15. A system for executing a neural network comprising:

a set of processing cores, wherein the set of processing cores are divided into a set of clusters; and

a set of shared memory resources storing neural network data of the neural network, wherein the shared memory resources in the set of shared memory resources are uniquely associated with the clusters in the set of clusters;

wherein the processing cores in the clusters of processing cores are assigned a set of execution instructions for executing a neural network;

wherein the clusters in the set of clusters are dynamically formed based on the processing cores in the clusters of processing cores requiring access to a common subset of the neural network data; and

wherein a first processing core in a cluster of processing cores generates activation data for consumption by a second processing core in the cluster of processing cores.

16. The system of claim 15, wherein:

the first processing core and the second processing core are grouped together in the cluster of processing cores based on a determination that the first processing core will generate a threshold level of the activation data for consumption by the second processing core during the execution of the neural network.

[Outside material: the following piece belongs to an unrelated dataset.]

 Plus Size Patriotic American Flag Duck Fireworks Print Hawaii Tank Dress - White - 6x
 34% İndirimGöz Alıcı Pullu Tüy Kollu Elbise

17. The system of claim 15, wherein:

a source code command places the first processing core and the second processing core in the cluster of processing cores; and

at least one configuration instruction assigns the first processing core and the second processing core to the cluster of processing cores.

18. The system of claim 15, wherein:

the first processing core and the second processing core are grouped together in the cluster of processing cores based on the first processing core generating a threshold level of the activation data for consumption by the second processing core during the execution of the neural network; and

the cluster of processing cores has fewer than a default number of processing cores per cluster.

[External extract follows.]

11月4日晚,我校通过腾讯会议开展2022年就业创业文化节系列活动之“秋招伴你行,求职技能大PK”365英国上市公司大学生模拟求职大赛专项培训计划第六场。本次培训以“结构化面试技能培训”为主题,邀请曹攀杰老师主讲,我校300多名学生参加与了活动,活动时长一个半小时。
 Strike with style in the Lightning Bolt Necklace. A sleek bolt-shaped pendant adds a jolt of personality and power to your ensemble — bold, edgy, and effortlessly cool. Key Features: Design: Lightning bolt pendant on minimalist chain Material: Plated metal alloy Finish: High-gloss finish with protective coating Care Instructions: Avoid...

19. The system of claim 15, further comprising:

a set of routers for routing data for the neural network;

wherein the set of routers are uniquely associated with the clusters in the set of clusters.

20. The system of claim 15, further comprising:

a tiling pattern for the set of processing cores and the set of shared memory resources, wherein the tiling pattern places each processing core adjacent to a number of shared memory resources from the set of shared memory resources; and

a set of configurable interfaces that enables each processing core to be grouped into a number of different clusters.